The value is not there until performance reviews are in. /2c

Was my reply aimed at you? No, so what has low quality posts go to do with you, don't see no moderator title.

My comment is valid, go look in most Intel threads and see the low brow childish crap. Maybe I should do the same in AMD threads. Guess what would happen, some double standards here for sure.

The glue comment was crap as mussels pointed out when a monolith has no glue, so was the usual childish shit thrown in most Intel threads.
 
I'm not sure it's possible to direct quote a news post on any device.

Amusingly, the glue remark only really fits intel's own tech, so calling substrate Fabric links "glue" both shoots themselves and also gives AMD more credit than it deserves......way too many counterproductive PR choices from intel in 9th-10th gen years
Its not glue its advanced packaging ponte vechio proves that

AMD's L3 cache is split between different clusters / CCX though, so the giant L3 caches are really 96MB L3 x (number of CCX), and not a monolithic 60+MB like what's offered here. From the perspective of a singular Zen3 core, only 96MB L3 exists. You need multithreaded programming to "unlock" the other caches. So Intel's design here is superior from the perspective of L3 cores sharing space with everyone else.

That being said: AMD's 96MBL3 for a single thread is still far more than all of this L3 combined. On the other hand, AMD's default chips only have 32MB L3 cache, so Intel very possibly has a value-argument, depending on how cheap this chip here is manufactured.
Plus intel has bigger l2 cache which is way faster than even 96mb l3
 
Was my reply aimed at you? No, so what has low quality posts go to do with you, don't see no moderator title.

My comment is valid, go look in most Intel threads and see the low brow childish crap. Maybe I should do the same in AMD threads. Guess what would happen, some double standards here for sure.
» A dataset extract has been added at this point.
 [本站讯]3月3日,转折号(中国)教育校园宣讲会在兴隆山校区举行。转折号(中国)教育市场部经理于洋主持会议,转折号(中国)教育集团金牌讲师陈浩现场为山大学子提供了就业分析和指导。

The glue comment was crap as mussels pointed out when a monolith has no glue, so was the usual childish shit thrown in most Intel threads.
I was just pointing out that the glue nonsense started out in AMD threads. No need to be hostile.
 
I was just pointing out that the glue nonsense started out in AMD threads. No need to be hostile.
So what about this nugget of intelligence then? Intels been using it for some time now, sniffing all the way.
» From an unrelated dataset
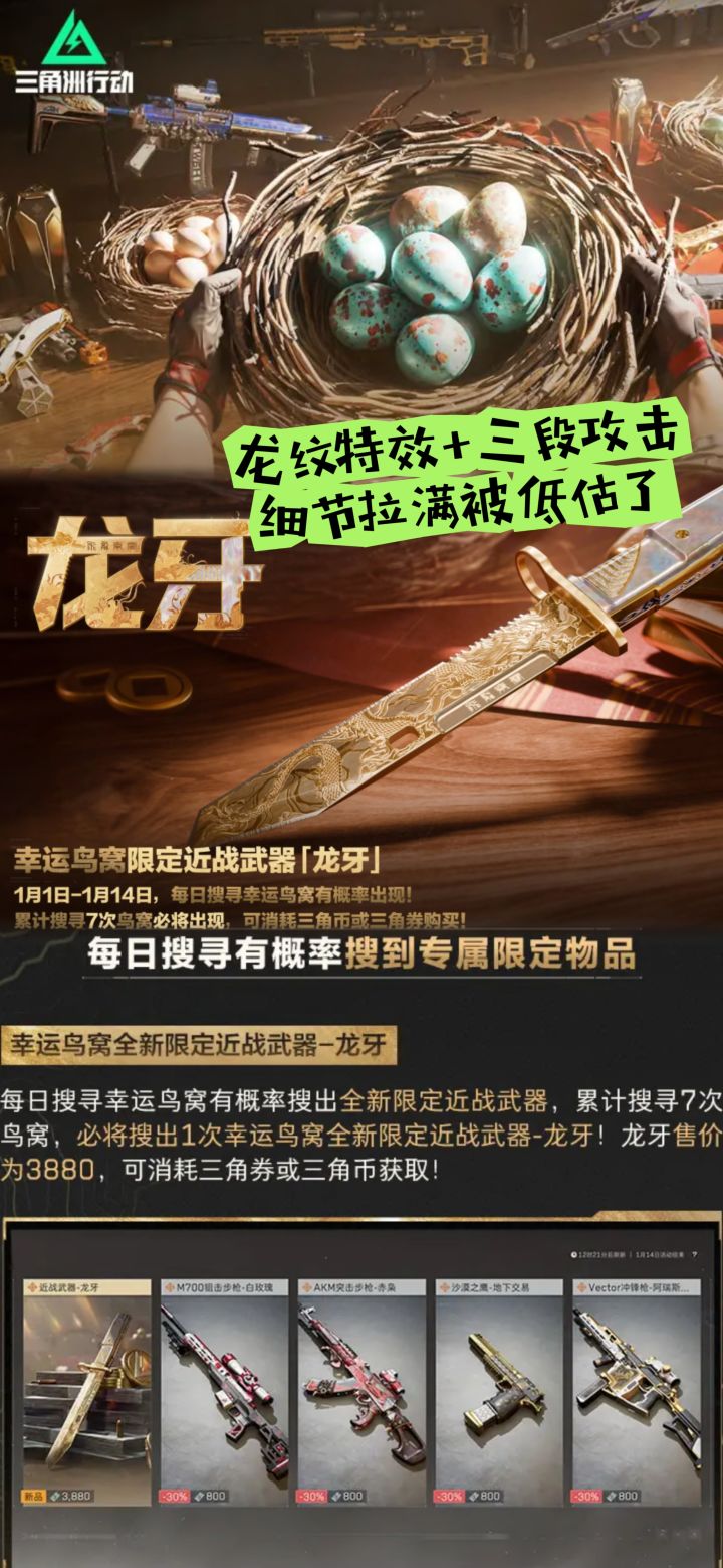 《三角洲行动》限定传说近战武器“龙牙”售价正式揭晓,定价3880三角券(约合388元),将于2026年1月1日至1月14日通过“幸运鸟窝”活动限时投放。

Whatever. I don't see intel users posting shit in every AMD thread. Just wait till Intel is back in front. TPU will be a different place.
 
I'm an amateur to PCs and they both do there job. Let me play some games and watch YouTube, so Intel and AMD both win for me.
 
I'm betting only DDR5 support for RL?, who knows what the costs of a dual channel kit will be then & not at 4800MHz either. :ohwell:
I can do 32GB kit 4800MHz already on my old tech DDR4 kit under RKL!
 
zen 4 will also ONLY support ddr5, so...
so? prices & supply had better stabilize by then or a significant number of enthusiasts & gamers will be on DDR4.
The way the world's economy is going atm, I'm not optimistic.